Step Hyp Ref Expression
1 rrgnz.t 
 |-  E = ( RLReg ` R )
2 rrgnz.z 
 |-  .0. = ( 0g ` R )
3 eqid 
 |-  ( 1r ` R ) = ( 1r ` R )
4 3 2 nzrnz 
 |-  ( R e. NzRing -> ( 1r ` R ) =/= .0. )
5 4 neneqd 
 |-  ( R e. NzRing -> -. ( 1r ` R ) = .0. )
6 nzrring 
 |-  ( R e. NzRing -> R e. Ring )
7 6 adantr 
 |-  ( ( R e. NzRing /\ .0. e. E ) -> R e. Ring )
8 simpr 
 |-  ( ( R e. NzRing /\ .0. e. E ) -> .0. e. E )
9 eqid 
 |-  ( Base ` R ) = ( Base ` R )
10 9 3 ringidcl 
 |-  ( R e.
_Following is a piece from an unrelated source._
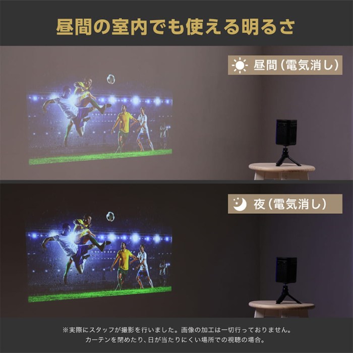 ■連続再生時間コードレス 約1.5時間AC接続時 約8時間コンパクトサイズだから、リビングや寝室など設置場所を選ばずスッキリ設置でき、使いたいときにすぐ取り出せます。さらに、内蔵バッテリー搭載でコードレスで持ち運びも可能!自宅でも外出先でも、大画面の映像を手軽に楽しめます。■壁が無くても工夫すると投影場所は作れます!締め切ったブラインドカーテン家にロールカーテンを設置キャンプ中のテントにもホワイトボードに投影■おすすめアプリ搭載済みWi-Fiに接続してすぐに楽しめるYoutube 、Netflixなどのアプリは既にインストール済み!■Android11搭載その他アプリもGoogle Playストアからインストールが可能です。※ほかのアプリをダウンロードすることも可能ですが、互換性の問題により、完全に動作しない可能性があります。■ミラーリング対応(iPhone/iPad、Android)スマートフォンの画面をワイヤレスで投影。動画や写真なども大画面で楽しめます。※一部スマートフォンやコンテンツには対応していない場合があります。またアプリの追加ダウンロードが必要な場合があります。■有線でも接続可能プロジェクターとスマートフォンを優先で接続することも可能です。USB Type-C付属■大画面で地デジや録画も楽しめる付属のHDMIケーブルで各種プレイヤーとつなぐだけで設定は簡単です。※地デジやBSCSの視聴などには別途チューナーが必要です。■大迫力の100インチ投影10インチ~100インチまで対応■このプロジェクターなら、10インチの省スペース利用も、100インチのダイナミック体験もこれ1台。近距離投影OKなので、設置場所を選びません!■投影方式:DLP■解像度:480P(854×480)■入力解像度:~4K(3840×2160)■最大輝度(ANSIルーメン):120ANSI/lm■光源:LED■LED寿命:30000時間■投影比率:1.2:1(38インチ/1m)■投影サイズ:10~100インチ■アスペクト比:16:9■コントラスト比:400:1■投影歪み:<1%■周辺照度比:>85%■フォーカスモード:マニュアルフォーカス■台形補正:垂直: 自動 ±40°/水平: 手動±40°■投影モード:正面、背面、吊り下げ正面、吊り下げ背面■オペレーションシステム:Android 11■CPU:TV303■GPU:Mali G31■RAM:1GB■ストレージ:32GB■Wi-Fi規格:DUAL-BAND 2.4G/5G■Bluetooth:Bluetooth Ver.5.2■操作性:タッチパット/リモコン/スマートフォンアプリ■ミラーリング機能:Transcreen/Airplay/MiraCast■内蔵スピーカー:3Wx1■内蔵バッテリー:7000mAh■連続再生時間:内蔵バッテリー:約2時間、ACアダプターで使用の場合8時間まで■消費電力:12W■騒音:30dB■入力電圧:DC12 2A■ビデオフォーマット:H.264、H.265、Vp9、MPEG1、MPEG2、MPEG4、H.263、XVID、VP8■音楽フォーマット:MP3、AAC.OGG、FLAC、APE■画像フォーマット:jpg、png、bmp、etc■入出力端子:HDMI端子(TypeA)x1/USB端子(TypeA)x1/ 3.5mm オーディオx1 / DC 電源入力端子x1■付属品:取扱説明書、リモコン、リモコンテスト用電池(単4形x 2本)、HDMIケーブル、ACアダプター、3脚(雲台)、スマートフォン有線接続用ケーブル■本体サイズ:幅74x奥行74x高さ110mm■本体質量:450g
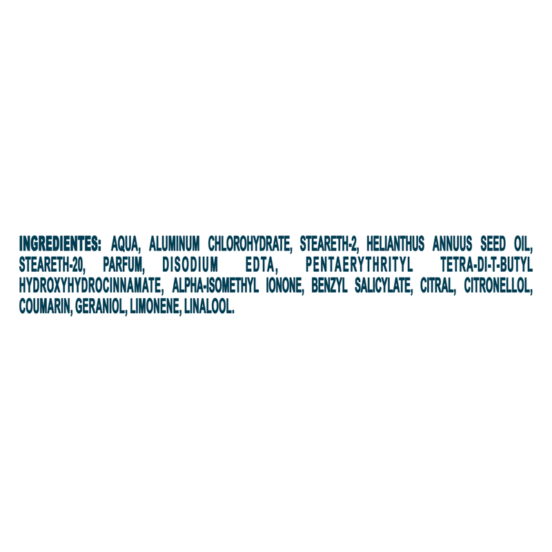 Composição: Aqua, cloro-hidrato de alumínio, estearme-2, óleo de semente de helianthus annuus, estearate-20, parfum, edta dissódico, pentaeritritil tetra-di-t-butilhidrocinnamato, alfa-isometil ionona, salicilato de benzila, citral, citronelol, cumarina, geraniol, limoneno, linalol.

Ring -> ( 1r ` R ) e. ( Base ` R ) )
11 7 10 syl 
 |-  ( ( R e. NzRing /\ .0. e. E ) -> ( 1r ` R ) e. ( Base ` R ) )
12 eqid 
 |-  ( .r ` R ) = ( .r ` R )
13 9 12 2 7 11 ringlzd 
 |-  ( ( R e. NzRing /\ .0. e. E ) -> ( .0. ( .r ` R ) ( 1r ` R ) ) = .0. )
14 1 9 12 2 rrgeq0 
 |-  ( ( R e. Ring /\ .0. e. E /\ ( 1r ` R ) e. ( Base ` R ) ) -> ( ( .0. ( .r ` R ) ( 1r ` R ) ) = .0. <-> ( 1r ` R ) = .0. ) )
15 14 biimpa 
 |-  ( ( ( R e. Ring /\ .0. e. E /\ ( 1r ` R ) e. ( Base ` R ) ) /\ ( .0. ( .r ` R ) ( 1r ` R ) ) = .0. ) -> ( 1r ` R ) = .0. )
16 7 8 11 13 15 syl31anc 
 |-  ( ( R e. NzRing /\ .0. e. E ) -> ( 1r ` R ) = .0. )
17 5 16 mtand 
 |-  ( R e. NzRing -> -. .0. e. E )